Jacob, out of habit, tried to be interesting. He was asking questions from his favorite idiocy test.

   Yakov himself flew in five answers out of twenty-five, which was not so bad. He personally knew the guy who flew all twenty-five questions!
 
   Some questions were outwardly complex, such as the distance between points A and B is such and a car left point A for point B at such speed, at the same time a car left point B towards point A  with some other speed; at the moment of departure from the first car towards the second one a fly flew with such a speed and, having flown, turned back, and again, and so it flew until the vehicles met. How far did it fly?
   There were simple questions, such as: the night watchman died at home during the day; will he be paid a pension? Or: can a man marry his widow's sister?

   The girl quickly and correctly answered all questions.
   - You must have heard it all?
   - No, why?

   Yakov was smoking on the corner of Sumskaya, lazily examining the girls passing by. He absolutely did not understand why he made this date with a Moldavian, as it turned out, the girl with sharp elbows.

   But the point was great. For some fifteen minutes, at least ten ladies passed by Yakov, causing a lot of good feelings. Probably somewhere very close were student hostels. The next lady was just a star, you couldn’t take your eyes off her, and only when this star was one step away from Jacob did he realize it was his number.

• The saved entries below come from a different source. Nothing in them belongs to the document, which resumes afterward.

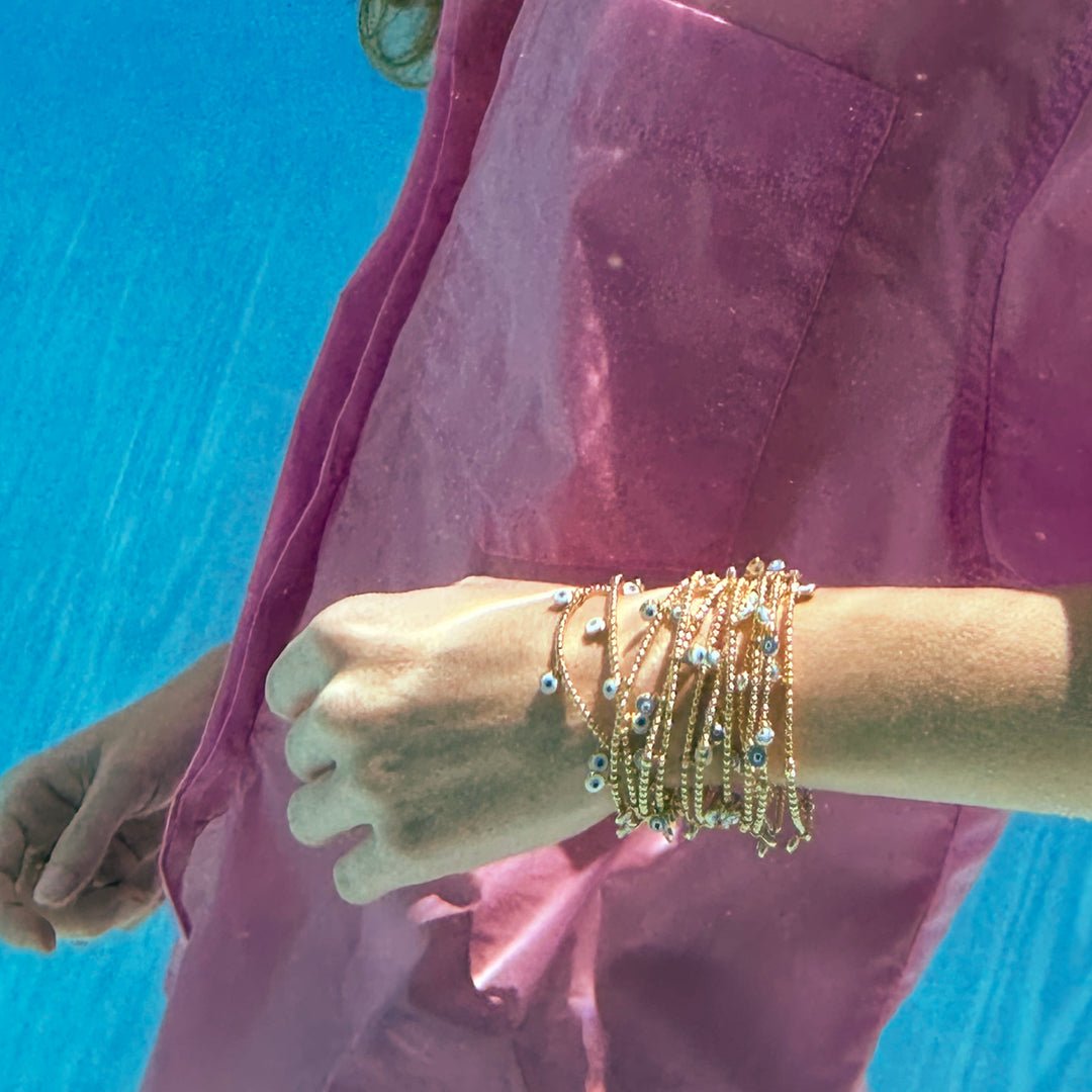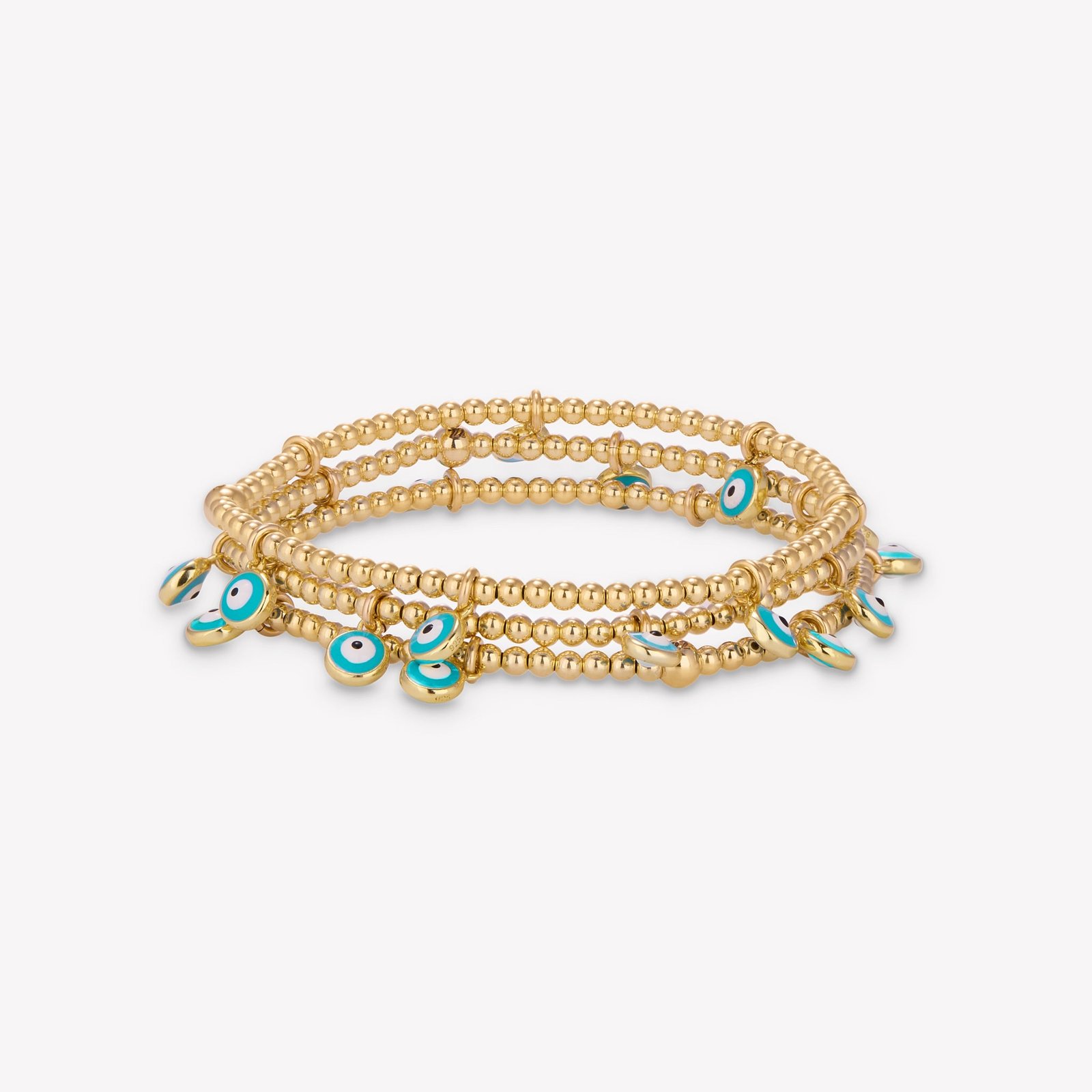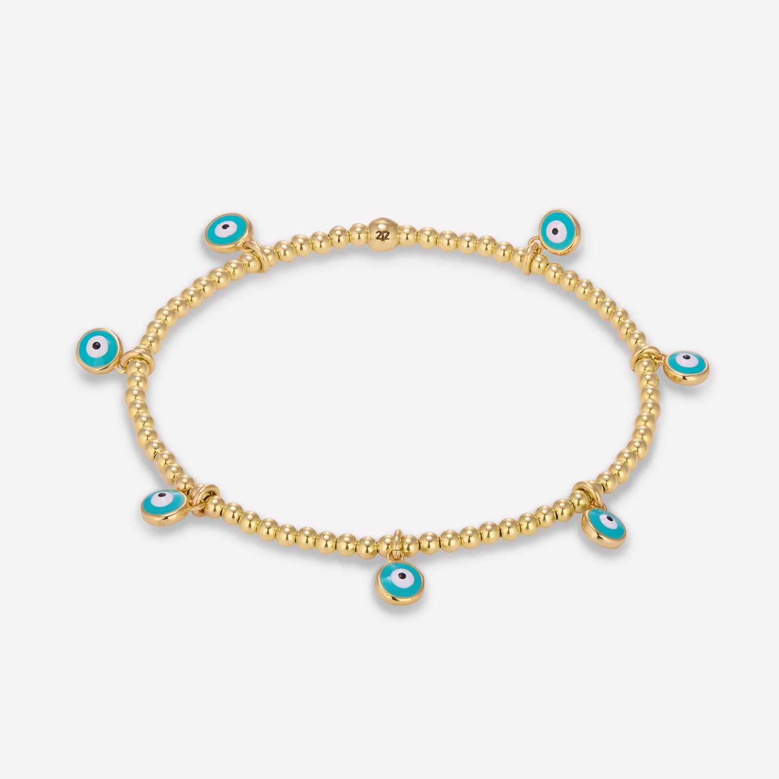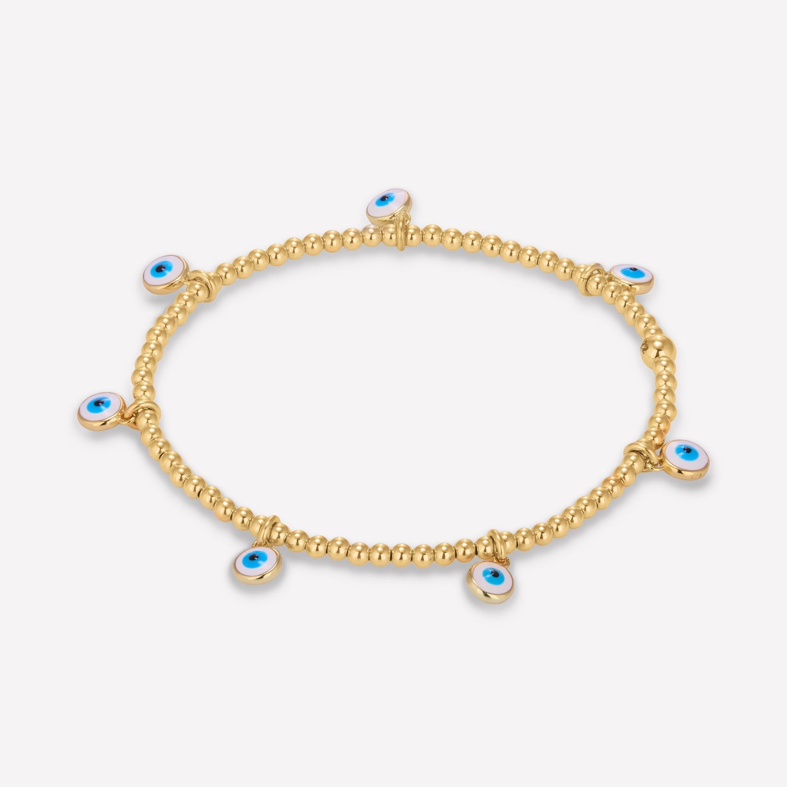 2MM 14K yellow gold bracelet for women with hanging evil eye charms  on clear elastic.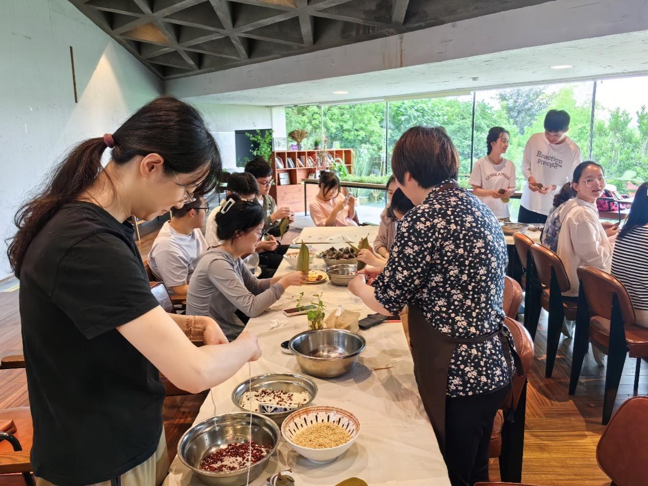 村上长漾里,犹如一幅掩映在江南山水中的、静谧的田园画卷。包粽子环节,晶莹的糯米,甘甜的蜜饯,翠绿的粽叶……小巧的粽子在同学们手忙脚乱的动作之间终于成型。随后,我们走向田间,体验插秧的乐趣。脚下的泥土柔软湿润,插下的秧苗如同希望的种子,迎风摇曳,满怀生机。午后,蒋老师带我们学习了二十四节气的知识。蒋老师讲述着每一个节气背后的故事和文化内涵,让我们对自然的变化有了更深的理解。随后,我们品茶论道,滋润心田。虽然对茶艺一知半解,但茶香沁入心脾,我的内心竟也十分满足。这个端午节,在村上长漾里,我们找到了人与自然和谐共处的美妙感觉,找到了心灵的宁静与安详,更感受到了学院的用心。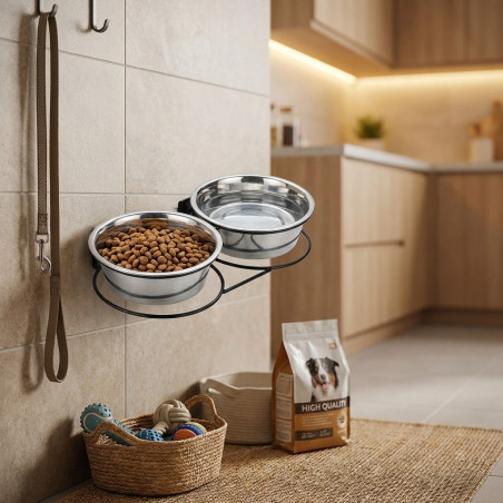 Cette mangeoire pour chien pratique avec double support pour fonctionner comme mangeoire-abreuvoir a une capacité de 2,8 litres dans chaque gamelle. Son support est très stable puisqu'il se fixe directement au mur et son installation est très simple. Capacité 2,80 litres x 2. Mesures. Ø25 cm x 2. 51 x 26 x 8,2 cm. Également utilisé comme abreuvoir pour les animaux. Mangeoire de haute qualité fabriquée en Espagne.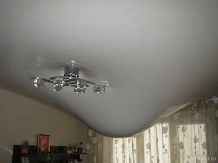 Из-за изгиба плиты углы комнаты изменят геометрию. Пленка, приклеенная к стенам, натянется до предела и лопнет.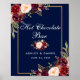 Póster Floral Burgundy Blue Boda Hot Chocolate Bar
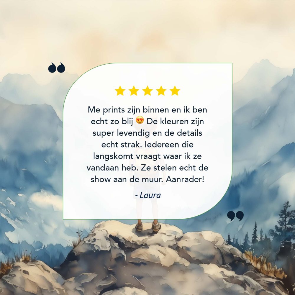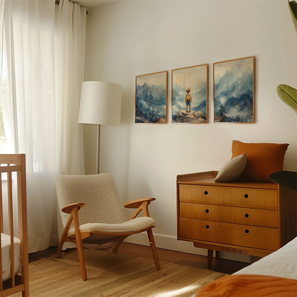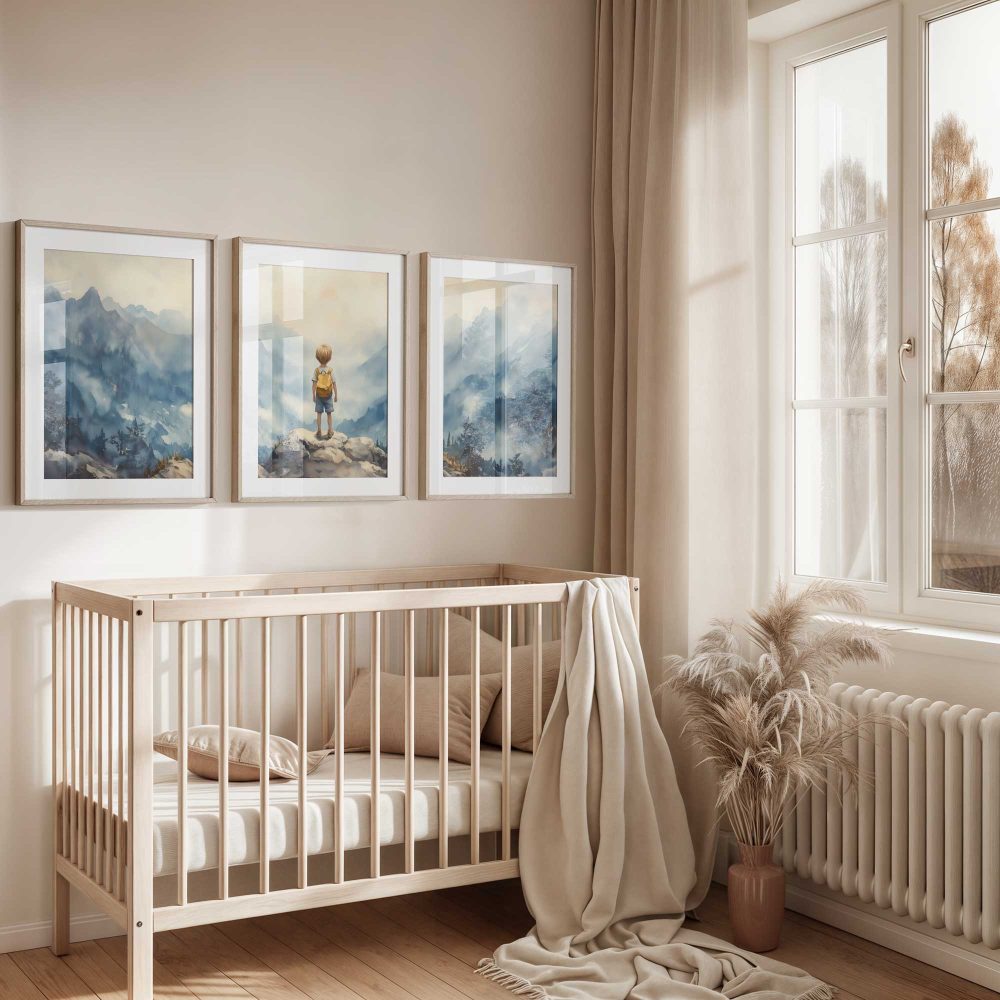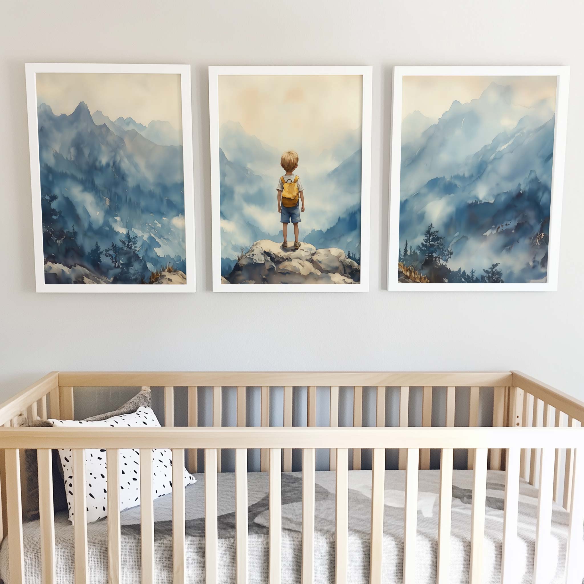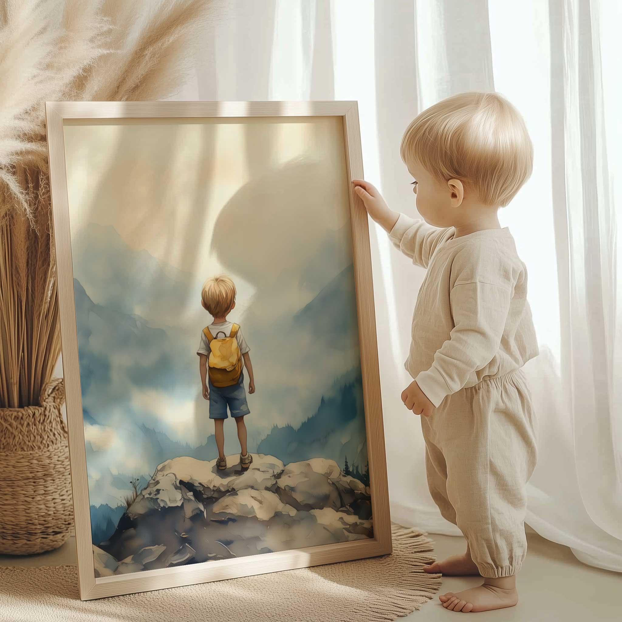 Terug naar collectie / Kinderkamer posters / Avontuurlijk posters / Dromerige Bergverkenner – Blauw-Wit Landschap voor Jongens

   In a cafe, automatically eating ice cream, Yakov caught himself in the fact that for forty minutes he could not tear his eyes away from her face, from her lips in colorless lipstick. From her shining gray eyes. At the same time, he continued to carry something smart, enjoying her instant adequate reaction. It seemed that she knew in advance what he would say at any given moment and at the same time managed to enjoy what she heard.

     At first, Jacob had some thoughts about her clothes and jewelry, probably collected from all over the hostel, about her fingers, of incredible nobility and grace. About the phenomenon of unexpected filling of the neckline, but then all this was gone and Yakov took off. He had never had such a feeling of flight, such a lightness of being. Jacob was overwhelmed with delight and peace, the aching sensation of arriving at his destination.

   No doubt something similar happened to her, for when he lifted her from the bench in the park to put her on his lap, she weighed nothing. He could lift her with one finger.

   The evening must have been chilly, but he could feel nothing but the warmth of her skin and the gentle scent of her baby.

   The next day, with a bouquet at the ready, he stood for more than an hour on the same corner. All the passing girls seemed surprisingly rude and unsympathetic. Yesterday's feeling of flight slowly disappeared. As it turned out, forever..

   She never came.

   And the next day, Yakov found himself in the same compartment with her mother and sister. Mother was an ordinary goyka, like a rural teacher, her sister when she grows up, will be clear even cooler than her older sister.

   Mother turned out to be garrulous, and the conversation in the compartment easily turned to the subject of the eldest, the student. The little girl stared straight into his eyes.

   In those years, Yakov absolutely did not notice twelve-year-old girls and, trying with all his might not to betray himself, sympathetically listened to a detailed mother's alignment about the frivolity of her daughter, who, going on a date, did not wear anything warm either from above or below and fell ill as a result of such frivolity with a severe cold.

   Trying in vain to breathe, Yakov jumped out of the compartment and returned late at night when the neighbors were already asleep. Never before had he made such a difficult choice. Growing up overnight, he realized that he would forever bear the weight of that choice.

   And he took it for granted.

   Over the years, Yakov forgot her face, remembered only huge shiny eyes and lips covered with a colorless lipstick. But the feel of her skin was forever on his fingertips.
   And a baby smell.

   In his old age, he loved to pet children.